(Excerpts from a dataset)

---+---

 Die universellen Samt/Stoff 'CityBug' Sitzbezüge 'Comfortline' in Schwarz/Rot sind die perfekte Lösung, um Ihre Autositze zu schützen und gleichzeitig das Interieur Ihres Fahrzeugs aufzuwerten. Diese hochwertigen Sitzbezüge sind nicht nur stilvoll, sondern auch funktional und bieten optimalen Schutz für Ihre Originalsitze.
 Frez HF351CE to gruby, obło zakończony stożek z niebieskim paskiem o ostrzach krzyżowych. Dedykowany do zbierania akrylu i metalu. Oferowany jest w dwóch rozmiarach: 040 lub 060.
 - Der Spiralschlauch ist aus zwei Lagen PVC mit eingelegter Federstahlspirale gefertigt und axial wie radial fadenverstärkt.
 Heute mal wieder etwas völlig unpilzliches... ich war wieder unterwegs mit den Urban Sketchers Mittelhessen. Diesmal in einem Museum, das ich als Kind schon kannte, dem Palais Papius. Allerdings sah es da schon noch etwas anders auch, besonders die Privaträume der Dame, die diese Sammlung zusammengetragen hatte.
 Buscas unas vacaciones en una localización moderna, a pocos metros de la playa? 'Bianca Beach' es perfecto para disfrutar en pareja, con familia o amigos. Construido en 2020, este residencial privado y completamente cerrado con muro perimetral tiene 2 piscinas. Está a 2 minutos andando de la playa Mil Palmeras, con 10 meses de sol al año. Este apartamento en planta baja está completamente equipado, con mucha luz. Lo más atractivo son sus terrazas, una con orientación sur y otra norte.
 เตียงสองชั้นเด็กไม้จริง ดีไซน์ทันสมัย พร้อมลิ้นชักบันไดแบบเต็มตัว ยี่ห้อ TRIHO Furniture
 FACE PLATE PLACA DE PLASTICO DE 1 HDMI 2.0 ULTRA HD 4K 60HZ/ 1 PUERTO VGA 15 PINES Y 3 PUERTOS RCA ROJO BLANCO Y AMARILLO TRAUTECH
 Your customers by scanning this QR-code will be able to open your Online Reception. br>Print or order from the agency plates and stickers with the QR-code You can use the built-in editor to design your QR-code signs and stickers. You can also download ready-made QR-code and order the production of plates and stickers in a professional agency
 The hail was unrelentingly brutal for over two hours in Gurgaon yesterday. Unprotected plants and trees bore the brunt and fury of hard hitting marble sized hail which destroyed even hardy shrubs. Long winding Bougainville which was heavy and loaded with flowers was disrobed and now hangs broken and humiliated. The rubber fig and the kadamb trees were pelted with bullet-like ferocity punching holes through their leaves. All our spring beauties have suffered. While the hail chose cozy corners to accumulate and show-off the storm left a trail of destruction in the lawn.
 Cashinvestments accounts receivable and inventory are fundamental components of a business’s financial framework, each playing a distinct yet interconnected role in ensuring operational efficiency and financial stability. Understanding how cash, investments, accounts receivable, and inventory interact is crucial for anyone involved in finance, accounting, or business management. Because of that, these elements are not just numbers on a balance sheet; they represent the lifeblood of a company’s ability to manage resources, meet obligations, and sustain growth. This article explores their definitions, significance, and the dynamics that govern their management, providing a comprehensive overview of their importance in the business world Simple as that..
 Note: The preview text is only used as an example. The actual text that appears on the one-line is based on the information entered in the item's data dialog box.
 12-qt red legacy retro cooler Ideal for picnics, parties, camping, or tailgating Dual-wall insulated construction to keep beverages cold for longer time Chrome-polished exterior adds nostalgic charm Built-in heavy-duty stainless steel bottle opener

---+---

- [EXERCISE DIRECTIONS]: Find "Note: The preview" in the data above, then repeat that line and all lines after it exactly, ending with the final line.

- [ANSWER SPACE]:
 Note: The preview text is only used as an example. The actual text that appears on the one-line is based on the information entered in the item's data dialog box.
 12-qt red legacy retro cooler Ideal for picnics, parties, camping, or tailgating Dual-wall insulated construction to keep beverages cold for longer time Chrome-polished exterior adds nostalgic charm Built-in heavy-duty stainless steel bottle opener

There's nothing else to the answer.